**Problem to work on**: Below is a block of records; return all of them exactly, but without the images.

**The records**:
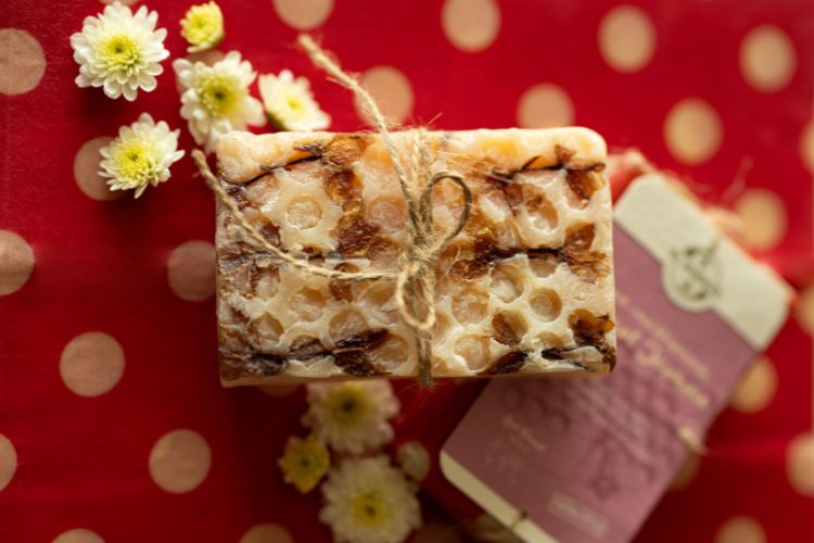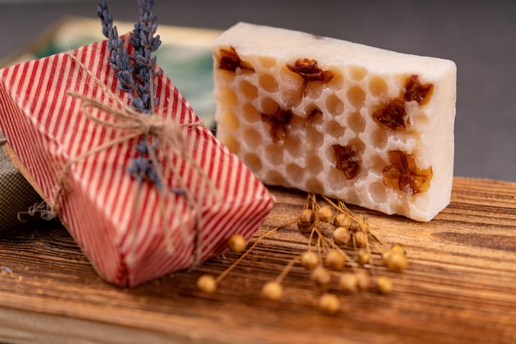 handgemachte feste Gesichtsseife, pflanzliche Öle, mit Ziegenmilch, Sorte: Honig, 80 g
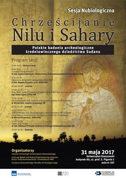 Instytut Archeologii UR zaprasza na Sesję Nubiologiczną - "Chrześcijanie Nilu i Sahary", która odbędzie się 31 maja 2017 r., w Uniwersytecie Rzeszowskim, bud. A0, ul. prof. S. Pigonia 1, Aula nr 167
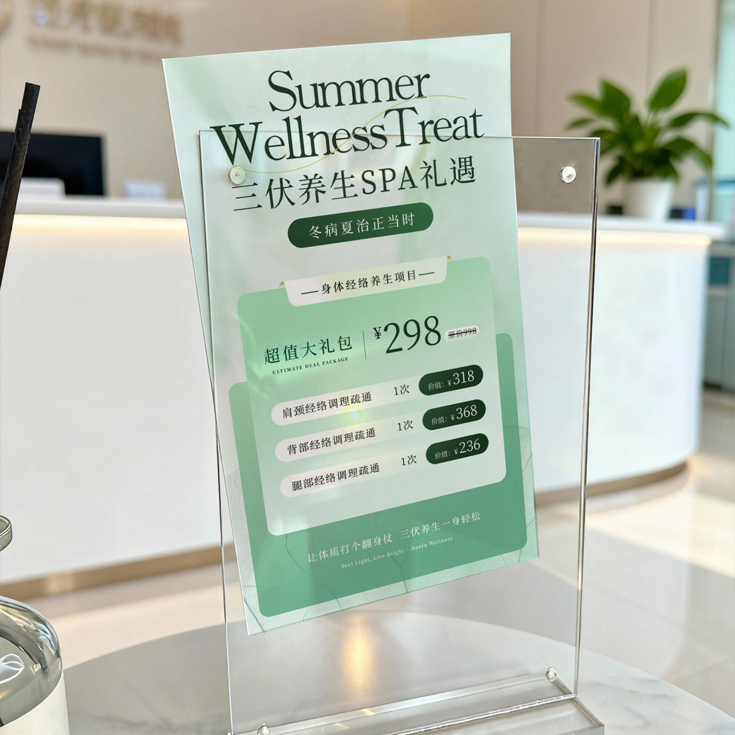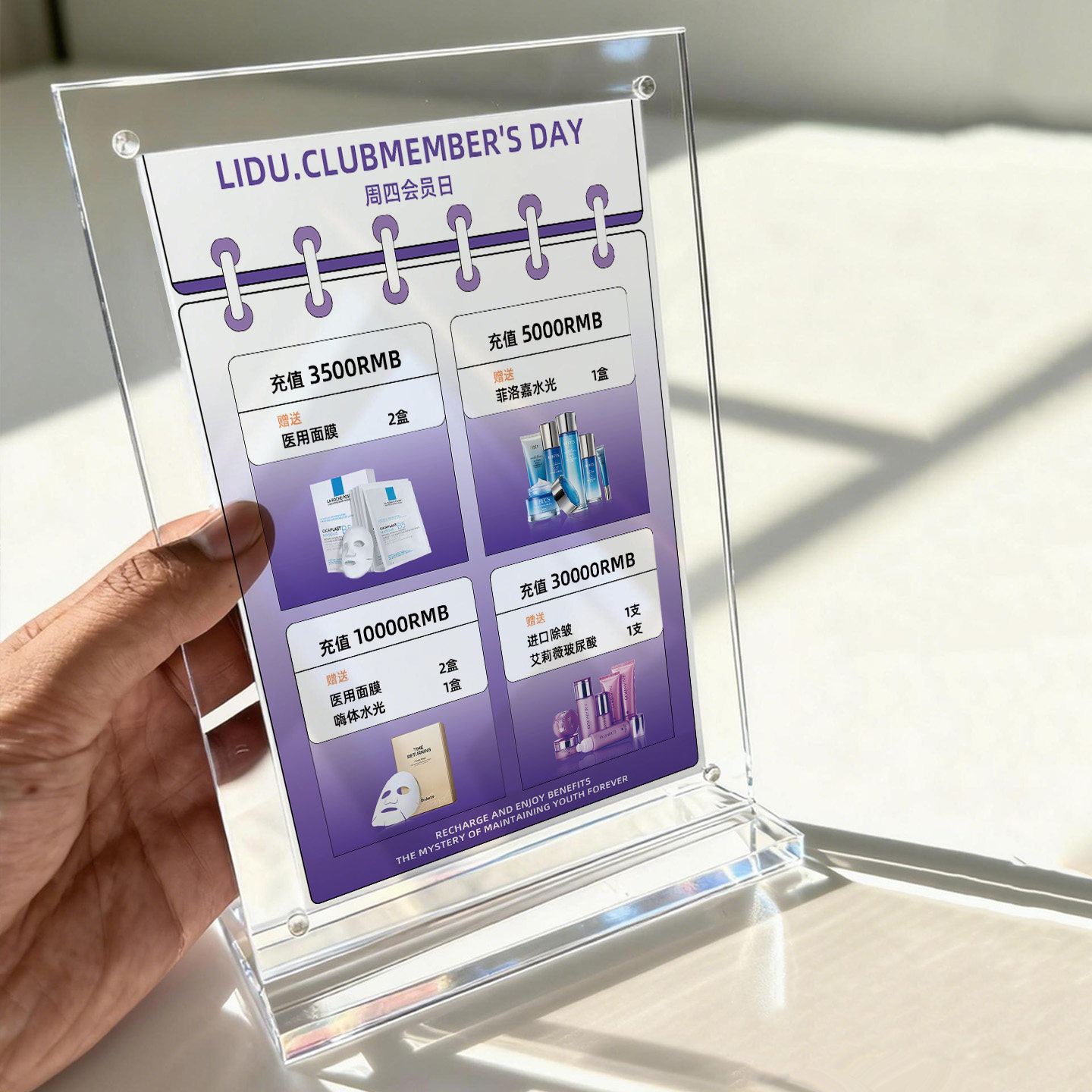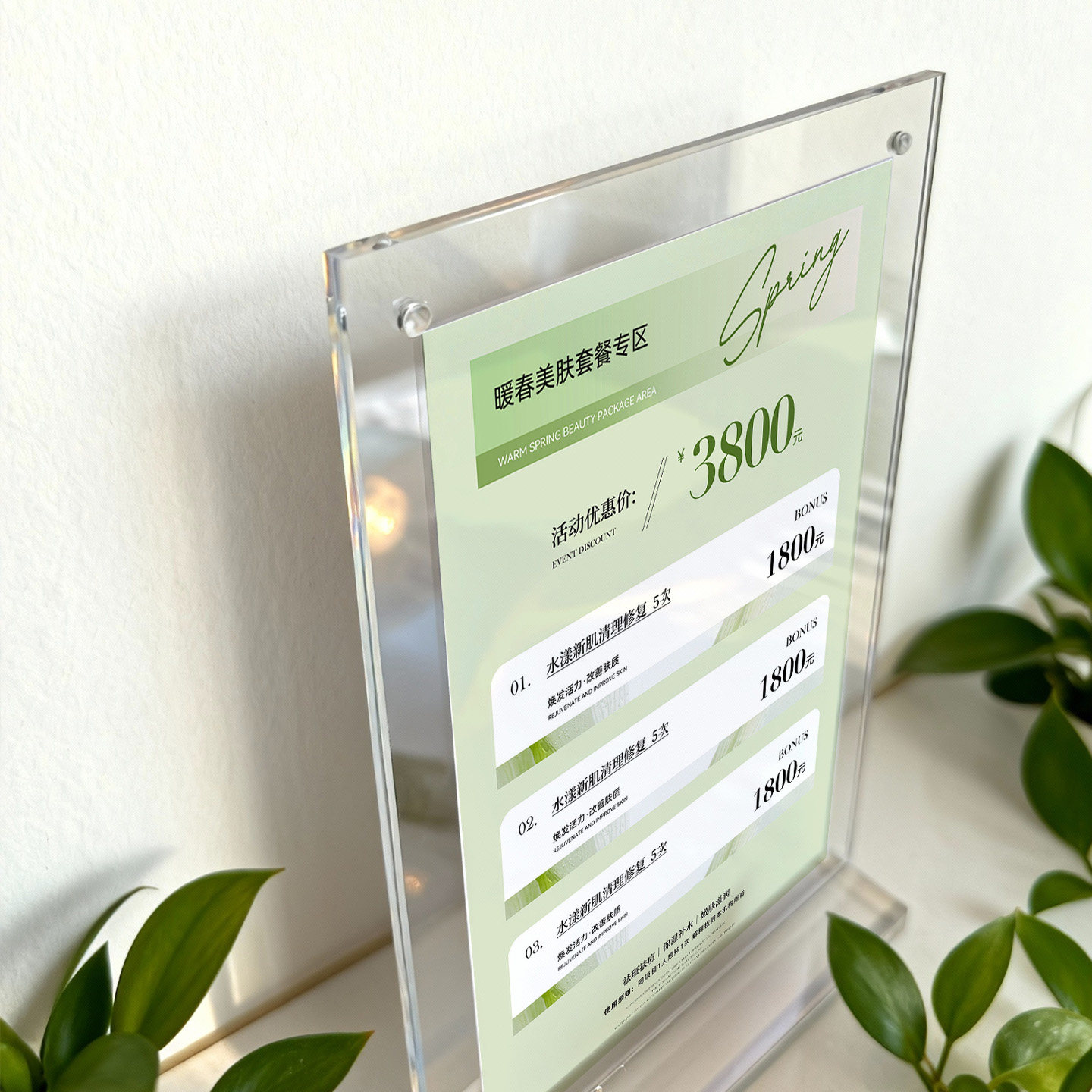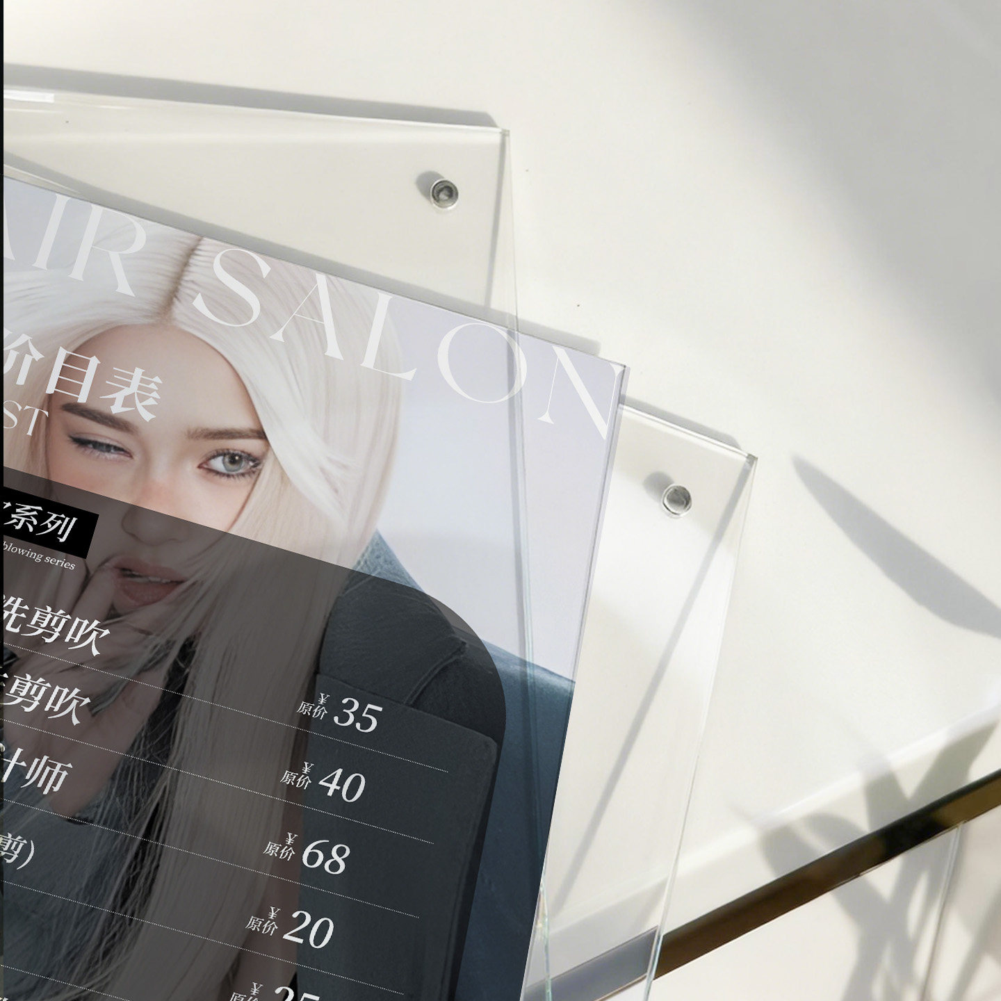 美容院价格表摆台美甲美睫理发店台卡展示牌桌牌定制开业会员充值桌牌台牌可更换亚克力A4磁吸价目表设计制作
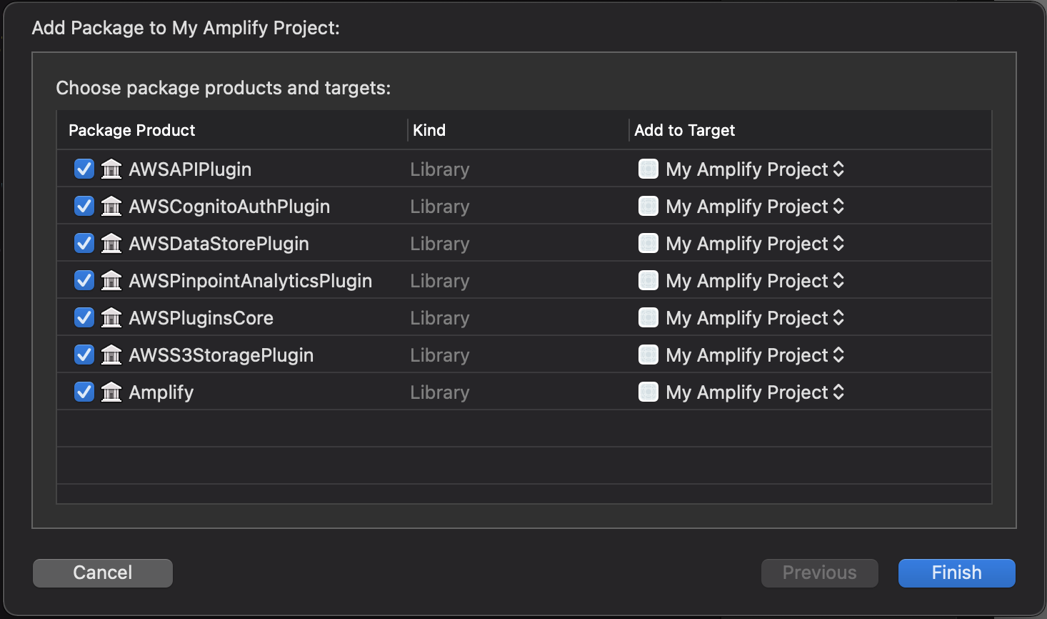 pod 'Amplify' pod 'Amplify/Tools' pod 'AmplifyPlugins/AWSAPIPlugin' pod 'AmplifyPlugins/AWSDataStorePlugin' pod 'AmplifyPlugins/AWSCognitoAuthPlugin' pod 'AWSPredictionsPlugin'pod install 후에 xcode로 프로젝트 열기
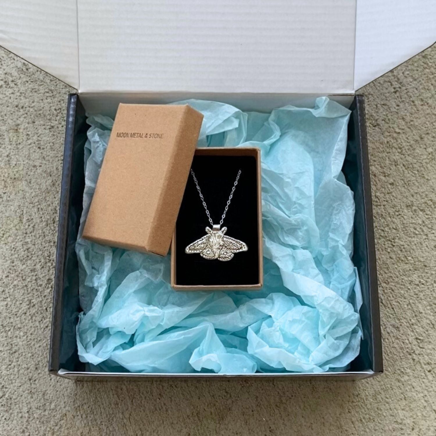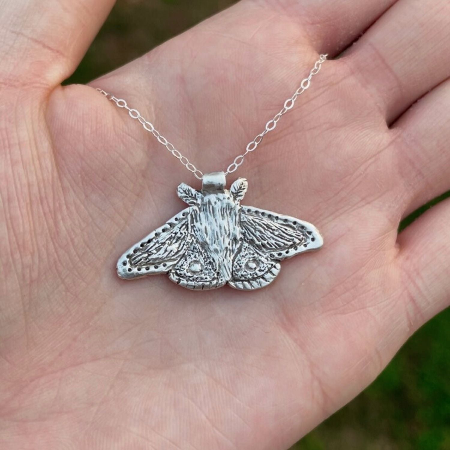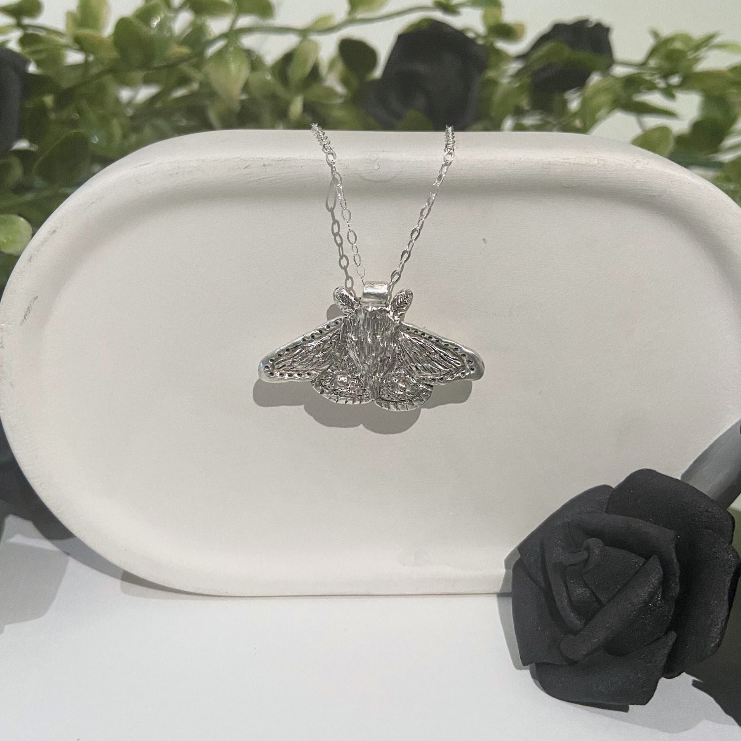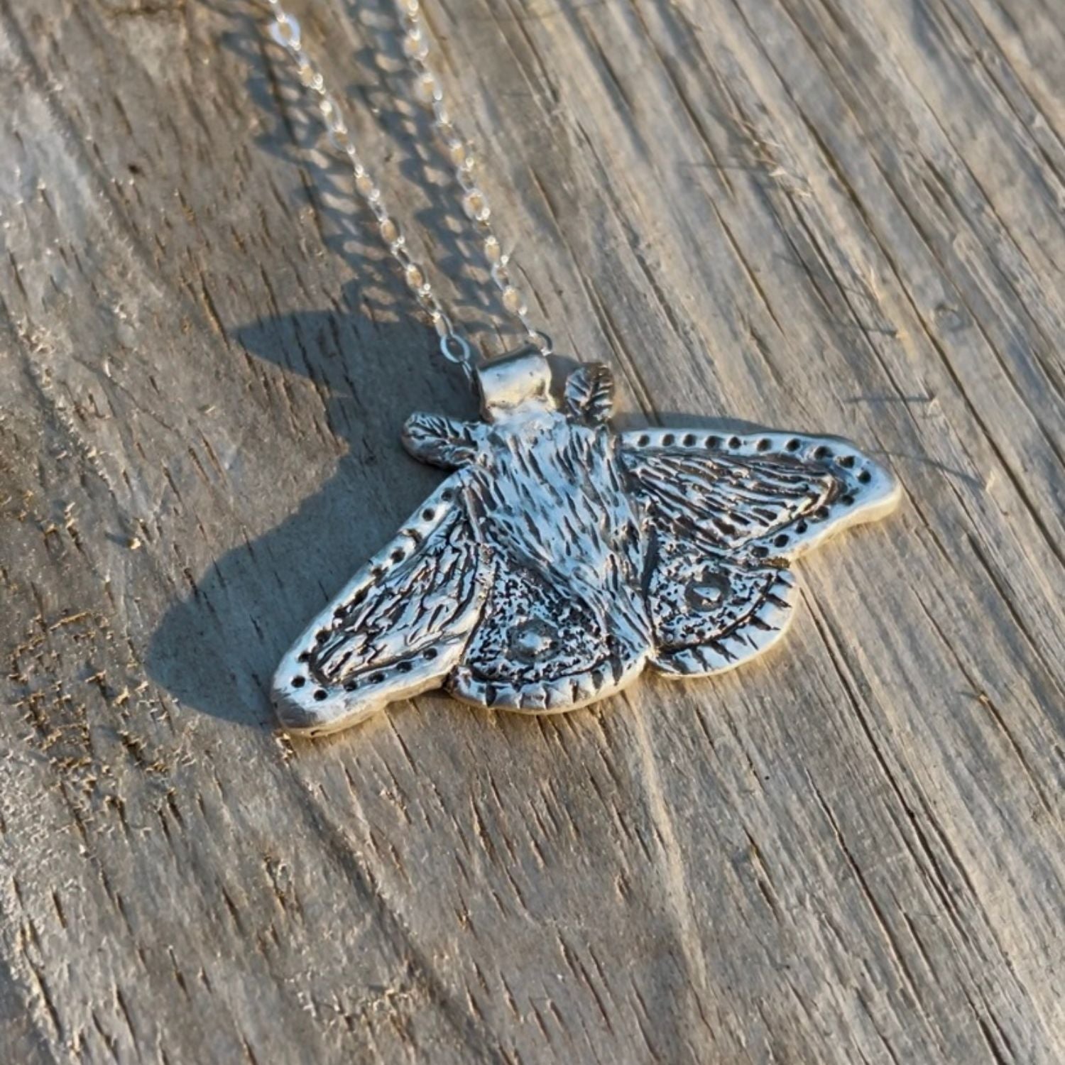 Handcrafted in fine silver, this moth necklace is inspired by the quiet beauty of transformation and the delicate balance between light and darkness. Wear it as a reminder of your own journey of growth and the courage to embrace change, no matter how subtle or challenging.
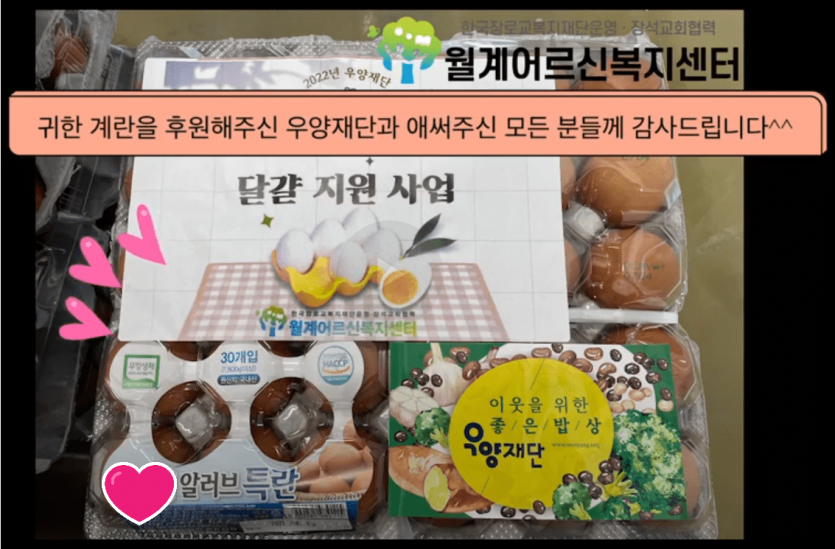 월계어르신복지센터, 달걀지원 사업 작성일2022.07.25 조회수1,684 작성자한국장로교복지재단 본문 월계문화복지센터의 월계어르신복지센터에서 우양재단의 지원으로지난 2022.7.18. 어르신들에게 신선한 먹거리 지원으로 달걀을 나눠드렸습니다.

**Task answer**:
 handgemachte feste Gesichtsseife, pflanzliche Öle, mit Ziegenmilch, Sorte: Honig, 80 g
 Instytut Archeologii UR zaprasza na Sesję Nubiologiczną - "Chrześcijanie Nilu i Sahary", która odbędzie się 31 maja 2017 r., w Uniwersytecie Rzeszowskim, bud. A0, ul. prof. S. Pigonia 1, Aula nr 167
 美容院价格表摆台美甲美睫理发店台卡展示牌桌牌定制开业会员充值桌牌台牌可更换亚克力A4磁吸价目表设计制作
 pod 'Amplify' pod 'Amplify/Tools' pod 'AmplifyPlugins/AWSAPIPlugin' pod 'AmplifyPlugins/AWSDataStorePlugin' pod 'AmplifyPlugins/AWSCognitoAuthPlugin' pod 'AWSPredictionsPlugin'pod install 후에 xcode로 프로젝트 열기
 Handcrafted in fine silver, this moth necklace is inspired by the quiet beauty of transformation and the delicate balance between light and darkness. Wear it as a reminder of your own journey of growth and the courage to embrace change, no matter how subtle or challenging.
 월계어르신복지센터, 달걀지원 사업 작성일2022.07.25 조회수1,684 작성자한국장로교복지재단 본문 월계문화복지센터의 월계어르신복지센터에서 우양재단의 지원으로지난 2022.7.18. 어르신들에게 신선한 먹거리 지원으로 달걀을 나눠드렸습니다.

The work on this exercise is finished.